─── DATA

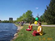在公园附近,假日直通车车站对面草坪上的一幕,令人难以忘怀。一名来自滑铁卢的女学员,打着庄严神圣的手印,同时发出强大的正念之场。普度的乐声在空中久久回荡,在场的无数行人都看到了这感人至深的一幕。
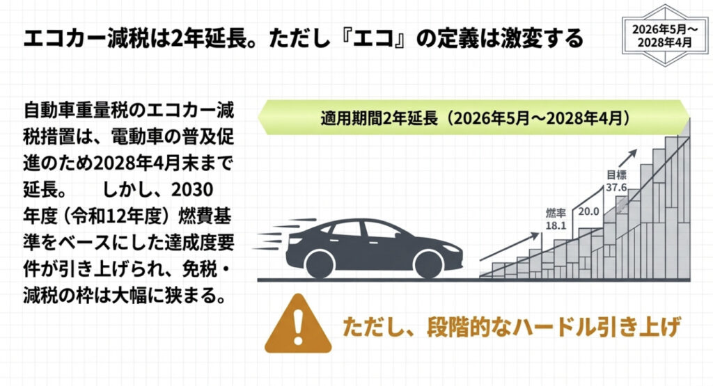 自動車重量税を軽減する「エコカー減税」は、2026年4月末で終了予定でしたが、2028年4月末まで2年間の延長が決定しました。ただし、ここには要注意ポイントがあります。
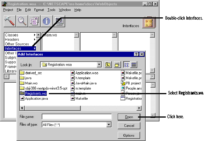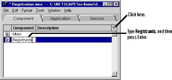 As a final step before compiling, you need to add Registrants.wo to the project in Project Builder. Project Builder must know about Registrants.wo so that the file Registrants.java is compiled during the build. If you had written Registrants.wo in WebScript, it wouldn't be necessary to add the component to the file because WebScript files are not needed during the build cycle.
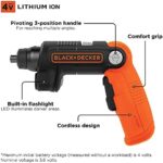 INCLUDES – (1) BDCSFL20C 4V MAX* cordless rechargeable screwdriver, (2) screwdriving bits, (1) charger.
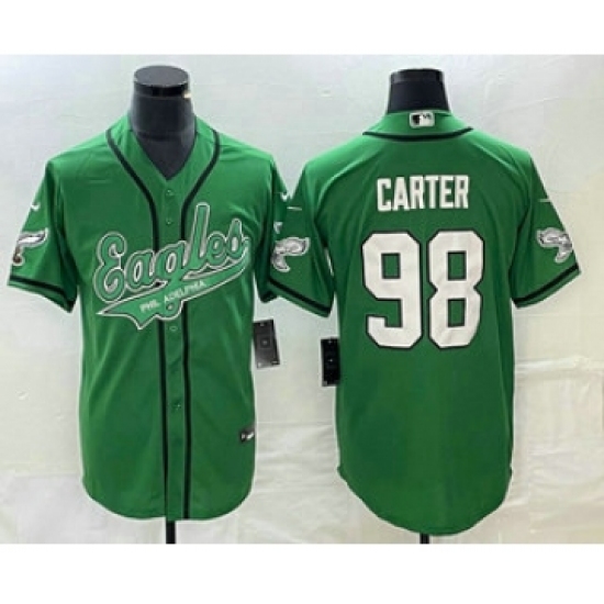 Men's Nike Philadelphia Eagles #98 Jalen Carter Green Cool Base Stitched Baseball Jersey
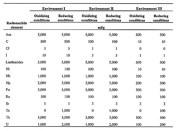 We have developed a data base of Kd values for these different cement environments that also take into account whether the environment is reducing or oxidizing (see Table I). Place Table I here. The example is illustrative of the approach that one could take in developing a basis set of Kd values for a specific site and facility design. These numbers should not be taken as a default set of values that are valid or necessarily conservative for any and all cement-based LLW systems. It is always the responsibility of the developer to provide the regulator with the rationale and basis for a particular modeling approach and to be able to defend and justify the data used in the model. In addition, for the purposes of a PA, one may wish to develop a range of values that may more realistically represent the state of knowledge about sorption of particular radionuclides on a specific type of cement to be used in a facility. This might include information from laboratory experiments, field studies, and natural analog studies.
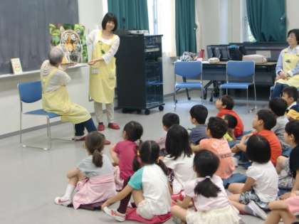 今年度も山の木文庫の方々におはなし会をしていただきます。昨日は1年生が対象でした。
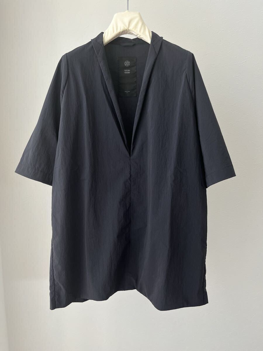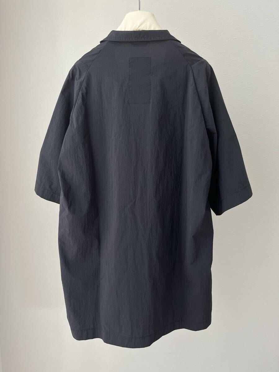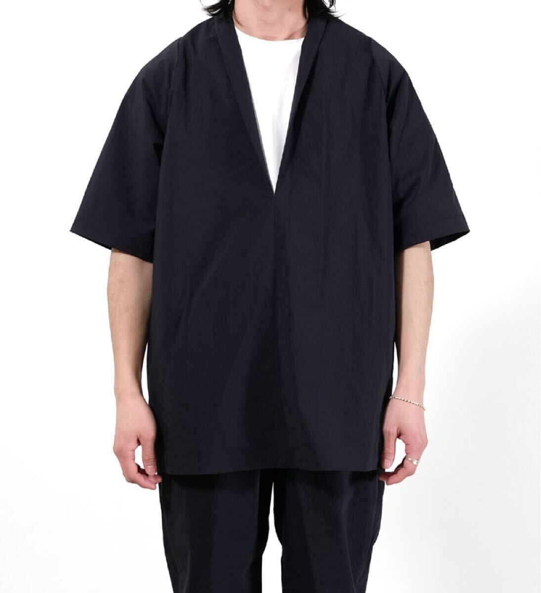ゆったりとしたシルエット、スタンドカラー、深く入ったスリットが特徴的なモデルとなっております。
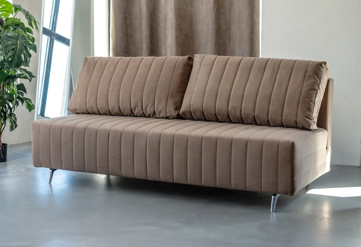 Декор чехла, высокая хромированная опора, отсутствие подлокотников создает современный и стильный образ. Компактные размеры и высокая металлическая опора – создают максимально функциональный и стильный диван, который легко трансформируется в полноценное спальное место.
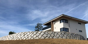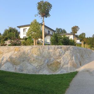 Kalkstein-, Granitsteinschlichtungen und Betonblockmauern für Hangsicherung, Aufschüttung und Gartengestaltung

──────

> **TASK REQUIREMENTS**
Return word for word the lines from the beginning of the entries through the line that contains "自動車重量税を軽減する「エコ", both ends included, but no pictures.

> **WRITTEN RESPONSE**
在公园附近,假日直通车车站对面草坪上的一幕,令人难以忘怀。一名来自滑铁卢的女学员,打着庄严神圣的手印,同时发出强大的正念之场。普度的乐声在空中久久回荡,在场的无数行人都看到了这感人至深的一幕。
 自動車重量税を軽減する「エコカー減税」は、2026年4月末で終了予定でしたが、2028年4月末まで2年間の延長が決定しました。ただし、ここには要注意ポイントがあります。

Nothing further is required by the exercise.